Allí, la noche era prácticamente día, pues había farolas cada tres edificios. La casa de Willard tenía tres plantas, y la entrada estaba adornada con dos farolas.

La balaustrada del piso superior también estaba iluminada, de modo que los dos médicos pudieron contemplar una ancha avenida con una magnífica vista a la bahía de Nueva York.

—Sorprendente —comentó Jamie mientras observaba el frontón partido de la entrada. Él y Tonneman desmontaron y entregaron las riendas al mozo de Willard—. Esta calle debió de ser trazada directamente desde Grosvenor Square.

El viento les levantó la capa y los despeinó, de manera que perdieron unos instantes arreglándose la ropa y el cabello antes de entrar en la casa.

—El clima de tu querida ciudad deja mucho que desear —comentó Jamie mientras de colocaba bien el sombrero.

—Cualquiera que viva cerca del Támesis...

Jamie no estaba dispuesto a perder la batalla dialéctica.

—En Virginia no se me helaría la sangre, y tampoco en las Indias occidentales.

En el vestíbulo había una espléndida escalinata, con pasamanos de caoba.

Tonneman se echó a reír.

—Esto es sólo el principio. Ya te acostumbrarás. Te prometo que aprenderás a disfrutarlo.

Jamie, algo molesto, tendió la capa y el sombrero al lacayo en librea. Tonneman hizo lo mismo. Un mayordomo vestido con unos calzones y una chaqueta de satén azul les cogió las invitaciones y les indicó que pasaran a una habitación a la izquierda del vestíbulo.

La sala estaba iluminada por unos elegantes candelabros. Para evitar que una repentina corriente de aire apagara las velas, éstas estaban protegidas con unos globos de cristal. Aun así, cuando el mayordomo abrió la puerta, las velas vacilaron; la habitación se ensombreció por unos instantes.

Los reunidos en la sala levantaron la mirada, expectantes.

—El señor John Peter Tonneman, juez de paz y cirujano. El señor Maurice Arthur Jamison, cirujano, natural de Londres, nombrado por Su Ilustre Majestad el rey Jorge tercer director del colegio de medicina del King's College —anunció el mayordomo en tono estentóreo.

A pesar de que la chimenea y las cortinas de damasco doradas con cenefas mantenían la habitación caliente, las cuatro damas llevaban chales de lana encima de los vestidos de noche de tafetán y seda. Acaso los chales eran una concesión a los poco recatados escotes, muy a la europea.

Tonneman y Jamie fueron saludados por un caballero corpulento y autoritario, cuyo rostro les resultó familiar.

—¡Vaya! —exclamó Jamie—. Es usted quien...

—Ahora recuerdo —dijo Tonneman—. Es usted quien la semana pasada dispersó a los congregados alrededor de la efigie.
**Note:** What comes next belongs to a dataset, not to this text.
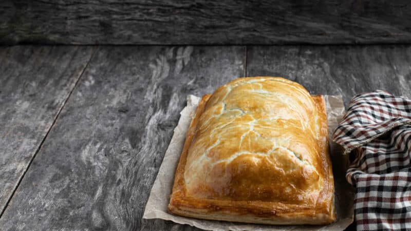 Enfin, badigeonnez la surface de la pâte avec le jaune d’œuf et cuire le feuilleté de saumon aux épinards pendant environ 40 à 45 minutes.

Se trataba del hombre del traje de terciopelo color burdeos.

—Y usted es el héroe de ese día, doctor Tonneman. Encantado de nuevo. Soy Richard Willard, para servirle. ¿Jerez?

Era el marido de Abigail; un hombre fuerte, mucho mayor que ella y obviamente muy rico y poderoso. El joven médico imberbe de siete años atrás tenía todas las de perder frente a ese hombre. Pero ¿y ahora? Tonneman respiró hondo. No quería perder el tiempo con esas tonterías.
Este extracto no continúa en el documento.